Aardbewoners worden dan ook vaak overvallen door gevoelens van impotentie en inferioriteit wanneer zij met deze levensvormen worden geconfronteerd. Heel vaak heeft dit een volledige psychomotorische breakdown tot gevolg waarbij alleen de meest automatische functies blijven doorfunctioneren. Carmody had door zijn repliek dan ook enorme risico’s genomen.

‘U redeneert niet slecht,’ sprak Karmod met tegenzin. ‘Maar toch wil ik mijn Prijs hebben!’

‘Nee,’ zei Carmody.

Karmod’s ogen begonnen dreigend te flitsen. De Beambte en de Boodschapper gingen er snel vandoor, gevolgd door de Computer. Carmody bleef staan omdat hij toch nergens heen kon. De Prijs schrompelde ineen tot een kubus van een kubieke centimeter.

Uit Karmod’s oren ontsnapte een zoemend geluid en om zijn hoofd verscheen een paarse nimbus. Hij hief zijn armen omhoog. Langs zijn vingers droop gesmolten lood omlaag. Hij deed dreigend een stap naar voren. Carmody sloot onwillekeurig de ogen.

Er gebeurde niets. Carmody deed zijn ogen open. In die korte tijd was Karmod blijkbaar tot een ander besluit gekomen. Hij keek Carmody vriendelijk glimlachend aan.
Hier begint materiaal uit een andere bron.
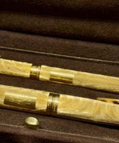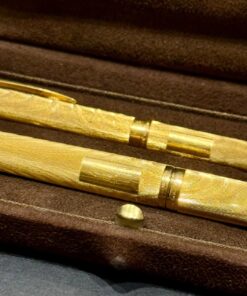 Both Pens Are Heavily Gold-Plated With Elegant Guilloché-Style Engravings Reflecting The Refined French Aesthetic. Preserved In Their Original Presentation Case Adorned With The Golden Royal Crown, This Set Remains In Exceptional Condition — A Treasure For Collectors Seeking Symbolism, Heritage, And Royal Legacy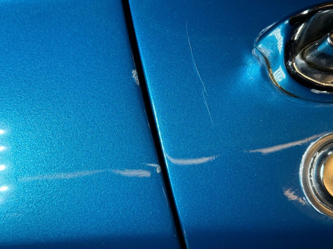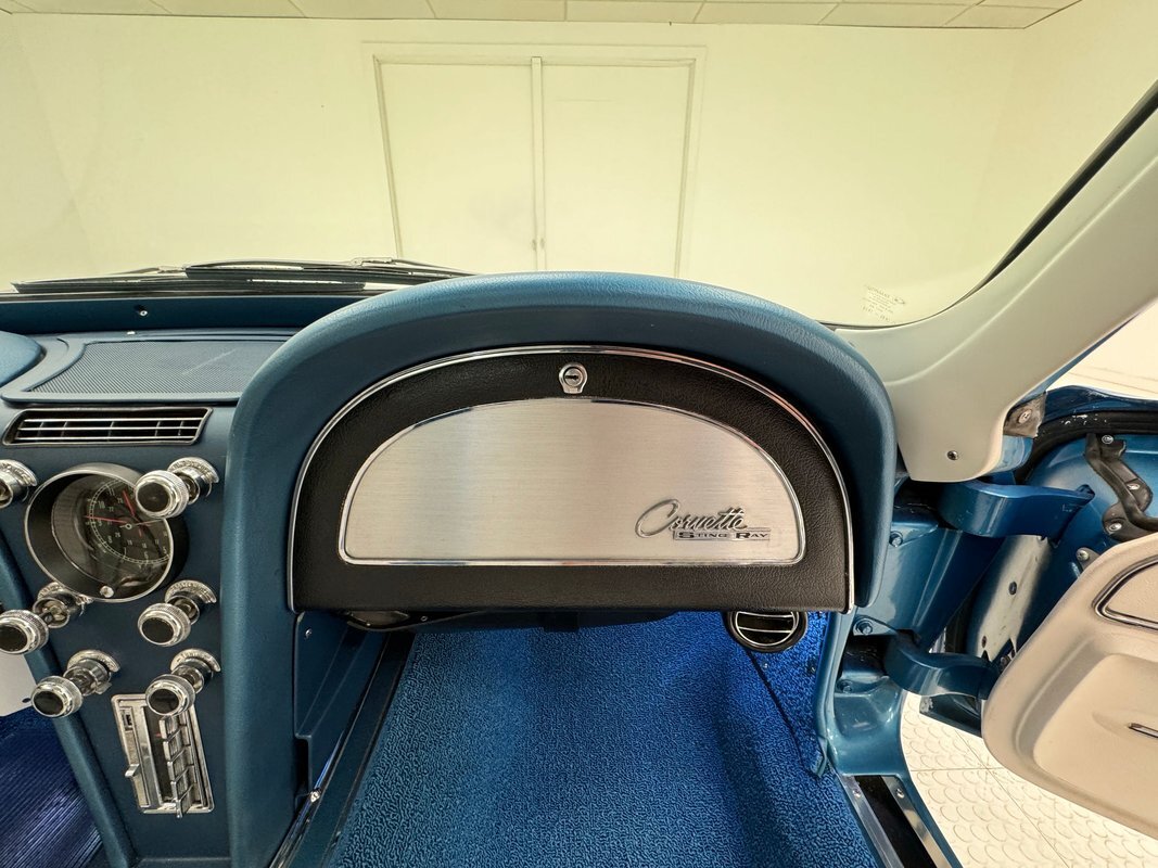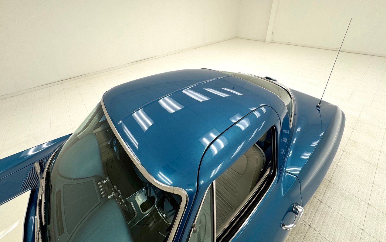 If you said this is the most beautiful American car ever designed you'd have a solid case. The lines molded into the fiberglass simply all work together is a sinuous flow of bulges and curves, and the Marina Blue does well to highlight it. Raised fenders flow back to a shoulder line that accentuates the sloping rear which ends in the point of a spear, borrowing depth from the curved rear window. Side pipes and their vented covers provide the sleek sports car with a muscular attitude and the 15-inch Chevrolet Rally wheels are the perfect fit. The Sting Ray hood is embellished with a white stinger but the rest of the car is adorned in blue and along with the metal work and well minded panel gaps, looks fantastic. Imperfections are limited to a couple of minor scratches and chips.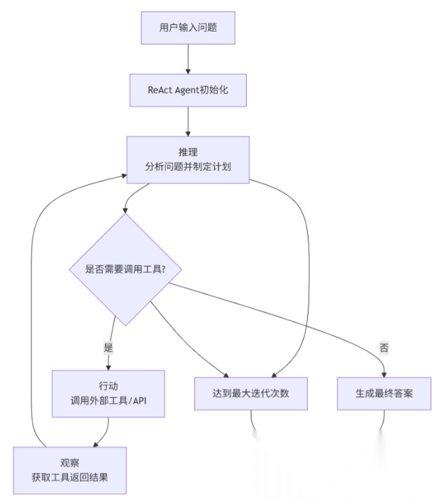 ReAct Agent 的工作流程是一个典型的 “推理-行动-观察”循环,其核心在于让大模型能够通过多轮工具调用来解决复杂问题。

‘Na rijp beraad,’ sprak Karmod gluiperig, ‘heb ik besloten mijn rechten op de Prijs te laten varen. Misschien ontmoeten we elkaar weer of nooit meer — ik zou niet weten wat voor jou het beste zou zijn - maar ik wens je een goede reis toe, Carmody.’ Na deze sinistere nadruk op ‘goede reis’ verdween Karmod op een manier die weliswaar vreemd maar volgens Carmody bijzonder effectief was.